1. ## Analysis subsequential limits

I need to prove

i) lim n to infinity sup Sn is an element of SL(Sn)
ii) same thing but replace sup with inf

I know SL(Sn) is the set of all limits of all convergent subsequences of Sn.

Also, lim n to infinity sup Sn can be defined as sup SL(Sn)

So it may be easier to show that Sup SL(Sn) is an element of SL(Sn)

2. Sorry, not a specialist in this area, but what is Sn? Is it just a sequence of real numbers S1, S2, ...? If so, then what is sup Sn?
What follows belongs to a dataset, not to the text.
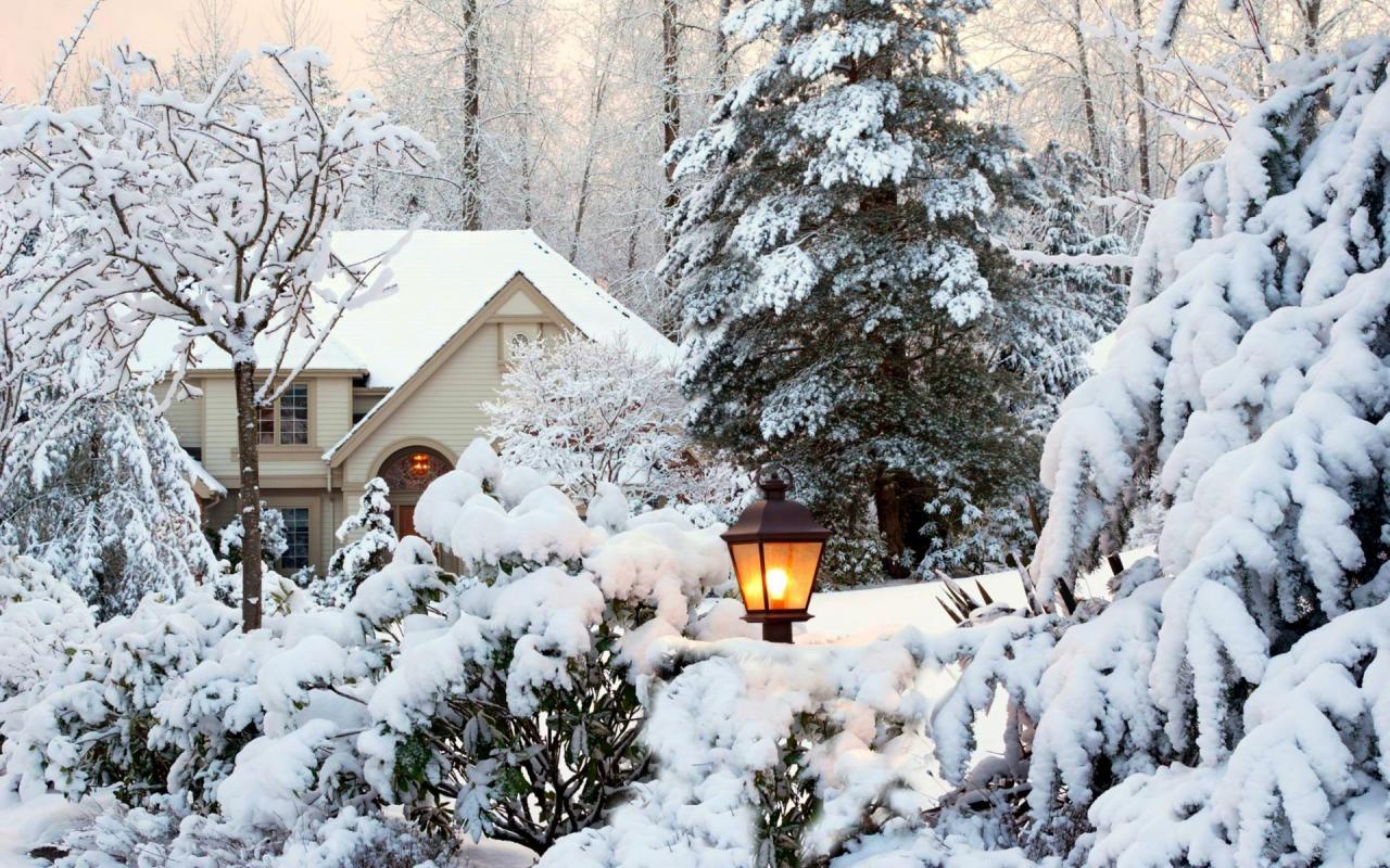 Обои Дом среди заснеженных деревьев

3. Can only help you if I can understand your question. Explain or state the definition of what Sn and SL(Sn) are.

4. Sn is sequence of real numbers

SL(Sn) is the set of all limits of all convergent subsequences of the sequence Sn

5. Yes, but what is sup Sn? Is it a constant sequence where each element is equal to the supremum of the sequence $\{S_n\}_{n=0}^\infty$? Or is it a supremum of an individual number $S_n$? Or maybe, what I think is likely, it is $\sup_{m\ge n}S_m$, as in here, so the whole expression is $\displaystyle\limsup_{n\to\infty}S_n := \lim_{n\to\infty}(\sup_{m\geq n}S_m)$?

6. Originally Posted by emakarov
Yes, but what is sup Sn? Is it a constant sequence where each element is equal to the supremum of the sequence $\{S_n\}_{n=0}^\infty$? Or is it a supremum of an individual number $S_n$? Or maybe, what I think is likely, it is $\sup_{m\ge n}S_m$, as in here, so the whole expression is $\displaystyle\limsup_{n\to\infty}S_n := \lim_{n\to\infty}(\sup_{m\geq n}S_m)$?

It is the last definition that you gave with the link

7. Let's prove that there exists a subsequence $S_{n_1}, S_{n_2},\dots$ whose limit is $\lim_{n\to\infty}(\sup_{m\geq n}S_m)$. Let $T_n=\sup_{m\geq n}S_m$ and let $a=\lim_{n\to\infty}T_n$. We can ensure that for every $i$ and every $j>i$, $|S_{n_j}-a|<1/i$, i.e., the entire tail of the subsequence starting from $S_{n_i}$ lies in the $1/i$-neighborhood of $a$.

Indeed, suppose $i$ is given and $S_{n_1}, \dots, S_{n_{i-1}}$ have already been chosen. From the definition of $a$, there is a point $m$ such that

for all $n\ge m$, $|T_n-a|<1/(2i)$ (*)

Without loss of generality, we can assume that $m>n_{i-1}$; otherwise, choose a new $m$ as $n_{i-1}+1$; then (*) still holds. In particular, $|T_{m}-a|<\1/(2i)$, i.e., $|(\sup_{m\ge m}S_m)-a|<1/(2i)$. From the definition of sup, there exists an index, which we'll call $n_i$, such that $n_i\ge m>n_{i-1}$ and $|S_{n_i}-\sup_{m\ge m}S_m|<1/(2i)$. Thus, $|S_{n_i}-a|<1/i$.

TL;DR: We choose a subsequence whose limit is the limit superior of $\{S_n\}$ (call it $a$). Since $a$ is a limit, sups of tails of $\{S_n\}$ come close to $a$. Since those are sups, there are individual elements $S_n$ that come close to $a$.